• **Information supplied**:

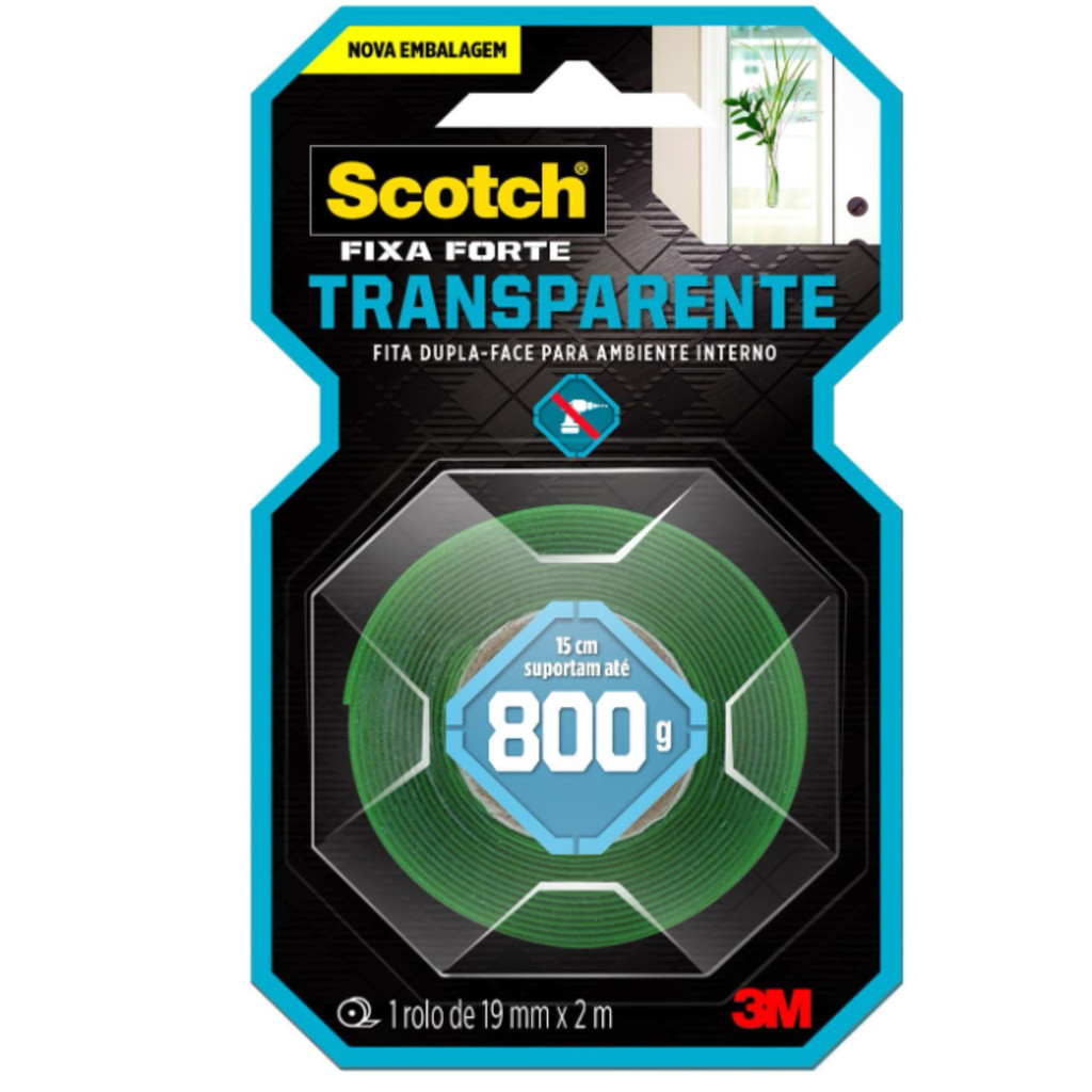 Fita Dupla Face Scotch Fixa Forte Transparente 19mmx2m - 01 Unidade
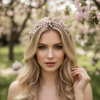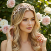 Enchanting blush pink hair vine - intricately designed with attention to details - embellished with simulated ivory pearls and blush pink crystals and hand painted blush pink flowers on a rose gold finish. Complete with white ribbon. Size is 33cm long and 3.5cm wide at the wides point.
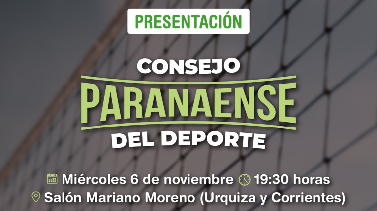 Este miércoles se presentará el Consejo Paranaense del Deporte. Será desde las 19.30 en el Salón “Mariano Moreno” del Concejo Deliberante. Se trata de un órgano de articulación y coordinación entre el Municipio, las instituciones deportivas y otros actores clave del deporte en la ciudad de Paraná.

• **Assigned task**: Write out the data in full and exactly as given, though without the images.

• **Answer for the task**:
 Fita Dupla Face Scotch Fixa Forte Transparente 19mmx2m - 01 Unidade
 Enchanting blush pink hair vine - intricately designed with attention to details - embellished with simulated ivory pearls and blush pink crystals and hand painted blush pink flowers on a rose gold finish. Complete with white ribbon. Size is 33cm long and 3.5cm wide at the wides point.
 Este miércoles se presentará el Consejo Paranaense del Deporte. Será desde las 19.30 en el Salón “Mariano Moreno” del Concejo Deliberante. Se trata de un órgano de articulación y coordinación entre el Municipio, las instituciones deportivas y otros actores clave del deporte en la ciudad de Paraná.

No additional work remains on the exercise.